This invention relates generally to container lids, and to methods for forming them and applying them to containers.
Virtually all plastic lids, whether used to cover plastic containers such as margarine tubs or as "overlids" for resealing opened metal containers such as coffee cans, are applied to containers with automatic applicator machines that utilize a rotating rod mechanism to automatically feed the lids along a path. This mechanism consists of a pair of substantially horizontally oriented and substantially parallel rotating rods between which the lids sit on edge. To aid the advancement of the lids with gravity, the rods may be tilted or angled when viewed in side elevation. Also, the rods may deviate from true parallel by diverging or spreading apart in the direction of lid travel. This rotating rod mechanism is also used to transport lids in manufacturing and printing operations.
Previous lids have a preferential tendency to move along the rods in the direction of the bottom of the lid. This is due to the slightly tapered edge or skirt surrounding the perimeter of the lid. Although the mold in which the lid is formed has straight side walls, the skirt "toes in" or becomes narrower the farther it is from the top of the lid, due to the tendency of the skirt to shrink upon cooling to a greater degree at the bottom of the skirt than at the top. The bottom end of the skirt has a large bead protruding internally, which snaps into engagement over a rim on the top of the container to be covered. The difference in shrinkage rates along the skirt results from the variation in thickness of the skirt due to the bead. The lids advance along the rods in the narrowing direction of the taper, regardless of the rotational direction of the rods.

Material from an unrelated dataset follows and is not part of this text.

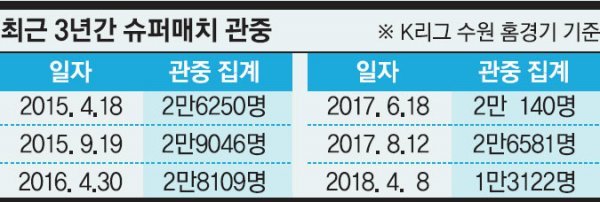 한 때 슈퍼매치는 3~5만 구름 관중을 불러들이는 K리그 최고의 흥행보증수표로 통했다. 그러나 이제는 잠시 잊어도 좋을 듯 하다. 8일 수원벌에는 1만3122명이 찾아왔다. 역대 슈퍼매치 사상 최저 관중. 홈 팀 수원은 늘 대형통천으로 가려놓았던 경기장 2층 스탠드를 개방하며 조심스레 ‘만원관중’을 기대했으나 현실은 냉혹했다. 1차 목표로 삼은 3만 명의 절반에도 미치지 못했다. 미세먼지와 갑작스런 추위 등 저조한 팬 몰이의 이유에는 여러 가지가 있겠지만 무엇보다 맥 빠진 경기력과 기대치를 훨씬 밑도는 결과를 빼 놓을 수 없다. 날씨보다도 두 팀의 저조한 경기력을 팬들이 사전에 간파한 것이다. “최대한 많은 관중 앞에서 결전을 치르고 싶다”고 입을 모았던 수원 서정원 감독과 서울 황선홍 감독은 경기 후 나란히 “죄송하다”며 고개를 숙였다.

For specialized applications, lids have been produced with a taper which will cause them to walk along the rods in the opposite direction, i.e., towards the top of the lid. This was accomplished by including an external ridge around the bottom of the skirt, which compensated for the taper due to shrinkage, and created a taper in the opposite direction. Thus, the outside diameter of the lid would vary from largest at the bottom of the skirt to smallest at the top of the skirt. These ridged lids are useful only in relatively few circumstances where the machinery is adapted for the lid to advance top-side-forward.
In contrast, shrinkage tapered lids have become widely accepted within the industry and are necessary for the operation of lid applicator machines designed on the assumption that the lids will feed along the rods bottom-side-forward. However, as the thicknesses and lengths of the skirts have become smaller to save material, it has become increasingly difficult to get a consistent taper or toe-in using the shrinkage technique. As a result, shrinkage tapered lids do not feed uniformly on the rotating rods. Some lids feed more slowly than others, creating gaps in the advancing stack of lids on the rods. This decreases the pressure on the lids at the end of the rods which feeds the lids into the applicator. This translates into a lid application rate of at most, 150 containers per minute, despite some applicator's designed capacity of 400 containers per minute.
This low rate of lid application requires either investment in more applicator machines or results in congestion or a backlog at the lid application stage of the capping process. Additionally, inconsistencies in the movement of the lid supply on the rods requires manual intervention in an otherwise automatic process, and may result in uncapped containers being automatically processed in the subsequent packaging operations.
Previous attempts at fabricating a lid with a consistently tapered skirt have been unsuccessful. Typically, plastic lids are injection molded in a two-piece mold comprised of a mold cavity which forms the outer, top surface of the lid, and a removable mold insert which forms the inner, bottom surface of the lid. If the skirt were to be significantly tapered, or narrowed towards the bottom, by forming a mold cavity and insert with inwardly sloped or "reversely-tapered" side walls, it would be impossible to remove the mold insert or the lid from the mold cavity since the mold insert and lid would effectively be dove-tailed within the mold cavity.
One solution is to use a split or two-piece mold cavity, however this increases the cost of the mold itself and slows the molding process to a degree which makes the lid prohibitively expensive to produce. Even if the lid could be removed from a one-piece mold cavity with walls angled for a reverse taper, there is a limit to the amount of taper which can be created, since as the inside diameter of the skirt narrows due to the taper, it becomes more difficult to fit the lid over the container.
Thus, a need exists for an inexpensively manufactured container lid which is able to consistently move bottom-side-forward along a pair of spinning rods.